In any buyer managed private instance there are key features that are important to incorporate for enterprise buyers. First and foremost, these enterprise buyers will generally require many of the features that comprise EnterpriseReady (RBAC, audit logs, advanced reporting, change management, etc). Second they will need features that allow them to manage the application lifecycle, including installation, configuration, updates, backups, and more. Finally, it’s important to think about how you are going to support a buyer-managed private instance when something isn’t working well. Ideally you will have SSH access to the servers, but many large enterprise buyers can’t or won’t be able to provide this. Troubleshooting a system that you don’t have direct access to is a new skill to learn.

Installation - The specifics of the installation will be highly dependent on the delivery mechanism chosen. However, some general considerations are as follows. Be sure to provide detailed installation instructions that show the how to install each component of you software. This includes how to add your GPG keys and remote endpoints, how to upgrade/downgrade, etc. Some customers will opt for the simplicity of a curl | sh script, however this will not satisfy all security minded customers so be sure to provide the detailed instructions also.

System requirements enforcement - To help prevent errors during installation, it can be super helpful to provide tools that can validate that the resources provided meet your hardware, network and environment requirements.

Licensing - Each instance should be installed from a unique license that includes metadata about the instance including license expiration, as well as any features enabled/disabled.

Settings console - A console for managing instance level settings such as hostname, SSL/TLS certs, SMTP information, external integrations and any other configuration option your customer will need to supply.

Database configuration - Many enterprise will actually prefer to bring their own instance of MySQL, Elastic Search, Redis etc. They often have on-staff DBAs who would prefer to leverage their own instances of those components. As a result, it is important to expose the configuration options to allow your application to leverage those external resources.
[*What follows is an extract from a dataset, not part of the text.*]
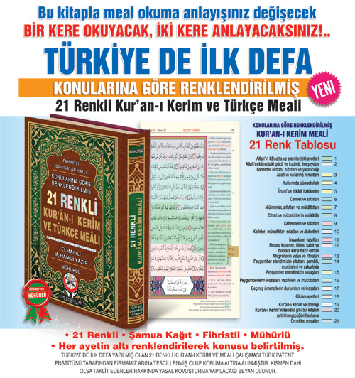 Bilgisayar Hatlı 21 Renkli Türkçe Mealli Kur'ân-ı Kerim |

User management - For applications that are run behind-the-firewall, many enterprises will prefer to manage users with their existing directory service (ie LDAP or Active Directory). This is a bit different than the SSO feature that your public-cloud hosted customers will be looking to leverage. The reason being that traditional enterprise user directories are hosted in their private network and they generally prefer to connect applications deployed on that same network to integrate with it directly.
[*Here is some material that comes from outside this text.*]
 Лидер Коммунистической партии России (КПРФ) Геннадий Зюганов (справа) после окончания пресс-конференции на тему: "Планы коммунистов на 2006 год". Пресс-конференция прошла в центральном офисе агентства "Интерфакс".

Update management - Most private instance are capable of making outbound internet requests to check for updates. For instances unable to check the public internet, monitoring a local file path for the presence of manually transferred update packages can be useful.
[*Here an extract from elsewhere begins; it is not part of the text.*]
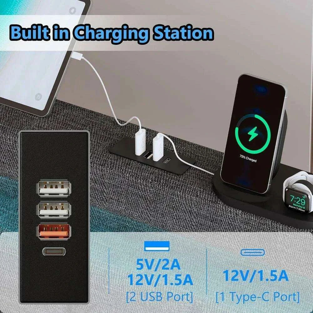 • Convenient Charging Station: Stay connected effortlessly with three USB ports and one Type C port on the headboard, allowing you to charge your devices right from the comfort of your bed.

Instance monitoring - The enterprise IT admin managing the application will have different reporting requirements than many smaller customers. Provide info for usage as well as common instance data like CPU & Memory usage.

Support enablement - It is optimal for customers to be able to leverage tools to self-diagnose potential issues or at least automate the generation of the files that you’ll need to support them.

Horizontal scalability - Most enterprise instances will be significantly smaller than your cloud-hosted instance. However, they still may need to scale some components to multiple machines (for high availability at a minimum).

Backups - Allow customers to schedule backups of important application data. This could be done with a series of scripts that customers run on a certain schedule. Ensure that you’ve tested the restore functionality as well, backups with malfunctioning restore capabilities aren’t going to get you very far.

This might appear to be a self-serving feature for us to focus on, we debated if we should even list it. However, since we thought it was important enough to build an entire company around, we decided it was important enough to list here. Plus, there is no one better suited to talk about it than us.